= The problem =
From the data below, return the exact lines starting at the line containing "elencati tutti gli" and ending at the line containing "연주회」패턴 오픈칼라 셔츠", both included, and nothing else.

= Stored dataset items =
━━━━━━━━━━━━━━━━

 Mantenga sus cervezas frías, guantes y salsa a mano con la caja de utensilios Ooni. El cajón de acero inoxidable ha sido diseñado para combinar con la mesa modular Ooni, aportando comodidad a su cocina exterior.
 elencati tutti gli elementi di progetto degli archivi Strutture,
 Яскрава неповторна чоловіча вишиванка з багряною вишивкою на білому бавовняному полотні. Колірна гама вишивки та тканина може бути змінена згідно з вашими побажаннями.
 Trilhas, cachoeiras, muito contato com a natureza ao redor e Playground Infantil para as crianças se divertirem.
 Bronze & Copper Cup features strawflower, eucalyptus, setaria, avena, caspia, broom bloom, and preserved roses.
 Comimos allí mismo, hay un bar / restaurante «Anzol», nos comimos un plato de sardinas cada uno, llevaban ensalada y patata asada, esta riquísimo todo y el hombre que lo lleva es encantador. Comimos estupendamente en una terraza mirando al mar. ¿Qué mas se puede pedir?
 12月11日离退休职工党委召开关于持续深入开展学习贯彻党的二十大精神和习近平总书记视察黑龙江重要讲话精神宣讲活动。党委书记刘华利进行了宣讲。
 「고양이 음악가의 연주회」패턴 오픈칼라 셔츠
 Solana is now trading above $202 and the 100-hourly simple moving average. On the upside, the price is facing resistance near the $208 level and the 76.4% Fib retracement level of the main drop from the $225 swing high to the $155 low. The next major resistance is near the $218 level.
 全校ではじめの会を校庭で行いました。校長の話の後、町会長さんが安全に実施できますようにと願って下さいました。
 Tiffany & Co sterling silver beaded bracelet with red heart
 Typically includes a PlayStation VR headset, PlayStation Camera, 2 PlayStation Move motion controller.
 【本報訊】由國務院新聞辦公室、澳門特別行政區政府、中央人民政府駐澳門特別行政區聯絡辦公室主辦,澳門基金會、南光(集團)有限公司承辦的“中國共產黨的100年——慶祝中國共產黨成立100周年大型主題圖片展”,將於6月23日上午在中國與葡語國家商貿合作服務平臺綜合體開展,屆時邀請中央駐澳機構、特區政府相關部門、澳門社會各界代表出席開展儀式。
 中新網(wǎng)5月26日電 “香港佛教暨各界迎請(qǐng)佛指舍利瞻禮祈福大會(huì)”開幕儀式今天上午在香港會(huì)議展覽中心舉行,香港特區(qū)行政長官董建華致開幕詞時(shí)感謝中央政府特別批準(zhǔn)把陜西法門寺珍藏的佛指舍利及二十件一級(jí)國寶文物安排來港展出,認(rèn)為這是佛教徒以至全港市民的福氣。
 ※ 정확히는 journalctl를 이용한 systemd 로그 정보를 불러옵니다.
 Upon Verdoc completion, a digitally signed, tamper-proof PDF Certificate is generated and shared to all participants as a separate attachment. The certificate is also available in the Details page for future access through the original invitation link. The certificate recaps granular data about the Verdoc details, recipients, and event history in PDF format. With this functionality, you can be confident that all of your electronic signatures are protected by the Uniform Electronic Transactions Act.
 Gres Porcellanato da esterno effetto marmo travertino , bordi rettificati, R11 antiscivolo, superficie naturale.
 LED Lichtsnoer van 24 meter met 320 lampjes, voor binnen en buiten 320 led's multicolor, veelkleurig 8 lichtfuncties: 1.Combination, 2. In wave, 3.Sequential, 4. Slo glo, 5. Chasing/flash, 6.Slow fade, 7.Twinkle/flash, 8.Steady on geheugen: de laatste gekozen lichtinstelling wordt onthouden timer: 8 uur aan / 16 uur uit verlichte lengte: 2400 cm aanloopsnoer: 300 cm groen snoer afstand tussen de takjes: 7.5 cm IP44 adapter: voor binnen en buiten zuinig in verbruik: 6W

━━━━━━━━━━━━━━━━

= Response for this exercise =
 elencati tutti gli elementi di progetto degli archivi Strutture,
 Яскрава неповторна чоловіча вишиванка з багряною вишивкою на білому бавовняному полотні. Колірна гама вишивки та тканина може бути змінена згідно з вашими побажаннями.
 Trilhas, cachoeiras, muito contato com a natureza ao redor e Playground Infantil para as crianças se divertirem.
 Bronze & Copper Cup features strawflower, eucalyptus, setaria, avena, caspia, broom bloom, and preserved roses.
 Comimos allí mismo, hay un bar / restaurante «Anzol», nos comimos un plato de sardinas cada uno, llevaban ensalada y patata asada, esta riquísimo todo y el hombre que lo lleva es encantador. Comimos estupendamente en una terraza mirando al mar. ¿Qué mas se puede pedir?
 12月11日离退休职工党委召开关于持续深入开展学习贯彻党的二十大精神和习近平总书记视察黑龙江重要讲话精神宣讲活动。党委书记刘华利进行了宣讲。
 「고양이 음악가의 연주회」패턴 오픈칼라 셔츠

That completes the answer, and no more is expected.